## Dataset records
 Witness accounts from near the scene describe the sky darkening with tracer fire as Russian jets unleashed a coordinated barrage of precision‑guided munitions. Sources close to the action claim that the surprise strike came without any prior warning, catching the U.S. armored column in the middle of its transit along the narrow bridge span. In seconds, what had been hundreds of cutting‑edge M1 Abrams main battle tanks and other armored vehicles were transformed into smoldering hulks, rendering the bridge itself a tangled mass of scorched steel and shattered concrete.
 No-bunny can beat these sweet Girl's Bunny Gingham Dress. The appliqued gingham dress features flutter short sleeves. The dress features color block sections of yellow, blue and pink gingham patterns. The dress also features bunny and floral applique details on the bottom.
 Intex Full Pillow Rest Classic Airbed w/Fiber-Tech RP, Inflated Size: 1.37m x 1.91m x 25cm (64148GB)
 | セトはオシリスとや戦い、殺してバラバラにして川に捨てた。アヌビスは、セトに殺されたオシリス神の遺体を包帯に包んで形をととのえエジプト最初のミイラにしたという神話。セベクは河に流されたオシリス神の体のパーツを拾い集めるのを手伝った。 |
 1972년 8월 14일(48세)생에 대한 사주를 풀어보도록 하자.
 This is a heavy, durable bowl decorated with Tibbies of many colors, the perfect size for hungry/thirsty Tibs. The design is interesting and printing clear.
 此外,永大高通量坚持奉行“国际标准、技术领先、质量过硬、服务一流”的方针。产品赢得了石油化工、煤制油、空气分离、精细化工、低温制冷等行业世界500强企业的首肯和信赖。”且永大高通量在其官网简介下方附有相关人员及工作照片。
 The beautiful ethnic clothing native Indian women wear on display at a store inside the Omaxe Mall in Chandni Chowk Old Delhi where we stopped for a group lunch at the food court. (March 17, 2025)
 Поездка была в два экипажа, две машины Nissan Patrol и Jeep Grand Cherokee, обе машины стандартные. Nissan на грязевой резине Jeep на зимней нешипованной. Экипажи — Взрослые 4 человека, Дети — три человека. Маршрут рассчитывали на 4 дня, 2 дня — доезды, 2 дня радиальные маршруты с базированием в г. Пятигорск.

* * *

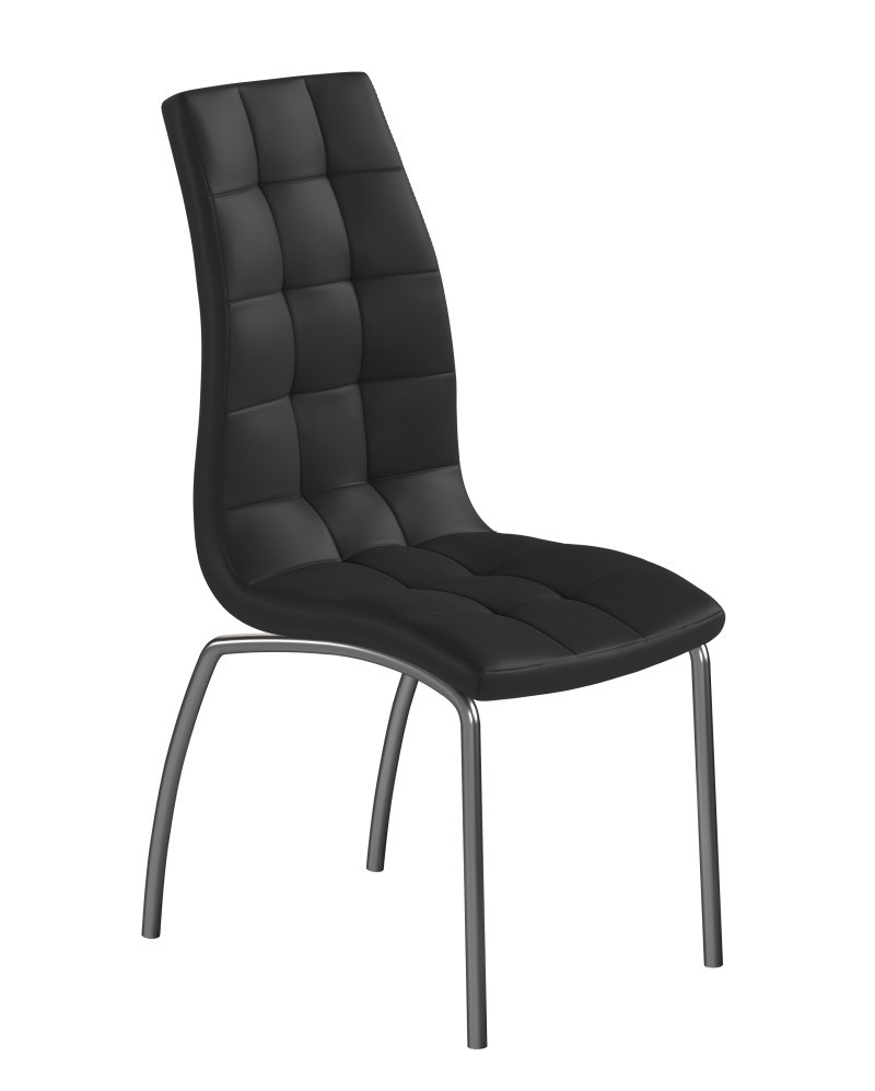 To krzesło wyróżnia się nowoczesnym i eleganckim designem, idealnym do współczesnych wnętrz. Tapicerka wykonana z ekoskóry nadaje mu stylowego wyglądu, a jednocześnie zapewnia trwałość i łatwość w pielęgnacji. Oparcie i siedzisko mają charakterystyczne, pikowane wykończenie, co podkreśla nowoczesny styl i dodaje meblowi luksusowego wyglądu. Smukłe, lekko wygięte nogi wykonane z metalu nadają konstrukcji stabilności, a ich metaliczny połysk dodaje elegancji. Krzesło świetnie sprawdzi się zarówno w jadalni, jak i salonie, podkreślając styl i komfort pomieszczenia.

## Action item
What you return must be the lines above that run from the line with "1972년 8월 14일(48세)생에 대한 사주를 풀어보도록 하자." to the line with "This is a heavy, durable", inclusive, each copied exactly.

## Answer section
 1972년 8월 14일(48세)생에 대한 사주를 풀어보도록 하자.
 This is a heavy, durable bowl decorated with Tibbies of many colors, the perfect size for hungry/thirsty Tibs. The design is interesting and printing clear.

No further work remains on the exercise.